Wednesday, July 25, 2012
That's what it says on my wrist in the picture to the left here. "Thank you." I thought today about getting it tattooed there, as I really want to cultivate this prayer, this constant gratitude. I want it there when things are delightful and when they are full of pain. I want to have gratitude for every experience as it teaches me more and more about the ways of the world and the ways of us humans and the inner workings of this precious and wonderful being named Mahfam, she: the visage of the moon, the color of the light of the moon. Moon-face, my soft light casting a pool for you to dance in or run away from into the shadows or simply use as a stage to act out your relationships with your demons or your ghosts or your beloveds, toward me (but always actually toward you.) This moonlight thanks you; for whatever you bring, for whoever you are. I thank you.
I had an outburst on the street today. I was walking my somatics practitioner's dog, and, as happens when I am out for a stroll in just about any neighborhood, I was greeting most of the people I encountered with a simple hello. Three men were working on a car. I greeted one of them, ignored the one under the vehicle, then greeted the third. He said, "Hello there, beautiful." Maybe I am overly sensitive about this word. Maybe you didn't hear his tone, so you don't know how disgusting it sounded.
I said, "Can't we just greet one another without remarking on each others' physical appearance?" or some such thing. He was immediately angry. A slurry of words poured out of his mouth as I walked away. I ignored most of them until I heard, "Snotty bitch."
I became all rage. It was ugly and justified and dignified and reminiscent of what once was still permissible to call, "ghetto." I'm pretty certain that for some people, "hell" is Mahfam turning around and snarling, "WHAT did you say?"
You heard me. No, I didn't hear you, which is why I'm asking you what the hell did you say? Keep walking, bitch. You betta watch that mouth! Get yo n**** to come back and say that. Get my WHAT? Get yo man to come step to me. I don't need no muthafuckin' MAN to come say nothing to you. I speak for myself. You better shut your mouth, rude motherfucker. You keep walking, bitch. You watch your mouth and YOU, YOU tell your boy to watch his mouth. Get on down the street, keep walking. I'm about to do that anyway!

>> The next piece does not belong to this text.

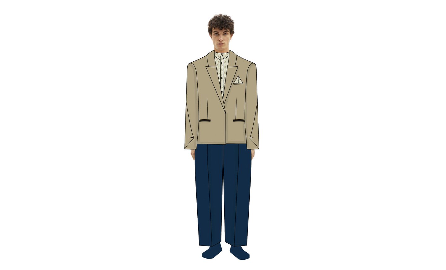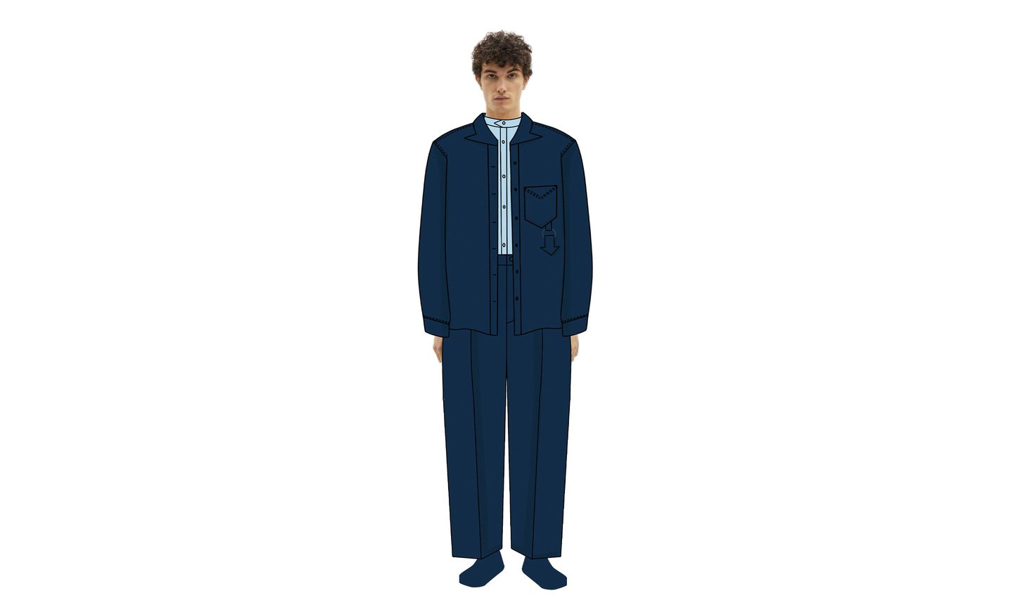Используемые ткани: Платок — шёлк Рубашка — натуральные ткани (хлопок, хлопок+шёлк) Брюки — тонкая костюмная шерсть Пиджак — тонкая костюмная шерсть, подкладка — 100% вискоза Металлический бейдж с нанесением имени

Fool!
All because of the word, "beautiful," I suppose. But, boy. Boy oh boy, you little, sad boy. You don't know how beautiful I am. You see some long curly hair and a shoulder poking out of a long, loose sweater, and the assumptions you make and the socialization that they are based on disrespect the both of us. You have no idea just how beautiful I am. I am not a walking piece of ass, nor a walking pretty face, and I refuse to be regarded as such. You are not just some inappropriate and misogynistic language, and you don't deserve to be regarded as such. And yes, sometimes that still means I will shout behind me while walking down the street so that you do not get to have the last damn misogynistic word. As much as it sucks to get more attached to the last word and the being right than to just let the hurtful stuff cycle through and compost, muthafucka I needed you to hear that it is not okay to talk to me that way. Even if you couldn't hear it, I guess I needed to say it.

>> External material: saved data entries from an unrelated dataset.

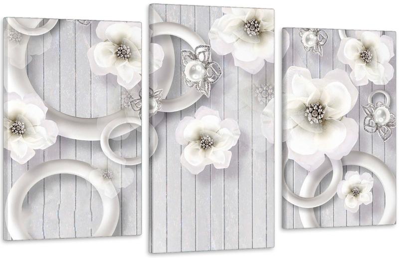 Модульная картина в гостиную / спальню білі квіти art-528_3 с лаковым покрытием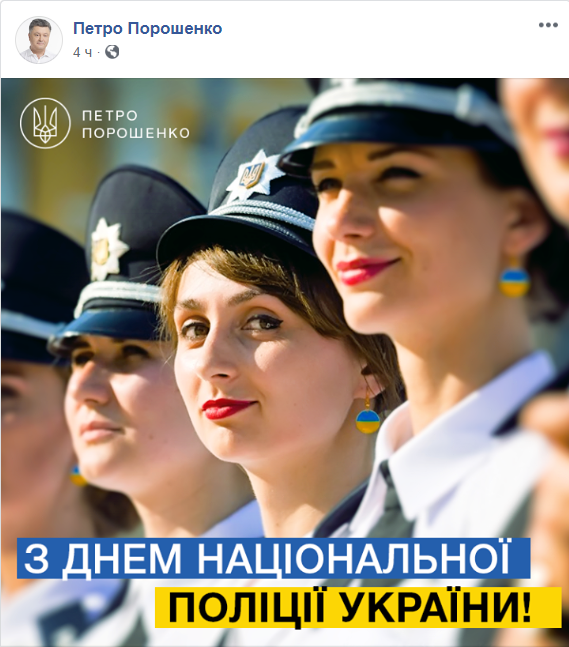 Петр Порошенко запостил в Facebook праздничную картинку ко Дню полиции, а через пару часов поздравил США с Днем независимости похожей картинкой.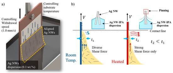 The principle of alignment of the silver nanowires. (a) Process schematic. (b) Principle of the alignment of silver nanowires in the temperature-controlled dip coating process.

We all suffer from patriarchy. When we pass each other on the street and what could have been a friendly exchange between neighbors turns into a remark about my appearance turns into a request to please not make such remarks turns into a war of words, we've both lost, my friend. We could have had a true human connection, and instead we are both suffering.
Thank you. Thank you for reminding me that we both/all suffer from this sickness. Thank you for giving me an opportunity to examine a way my reactions have contributed to a furtherance of suffering as opposed to an easing of suffering.
And, I'm sorry. I'm sorry for you and I'm sorry for me. I'm sorry that we spoke to each other in the ways that we did. I'm grateful to have learned from it.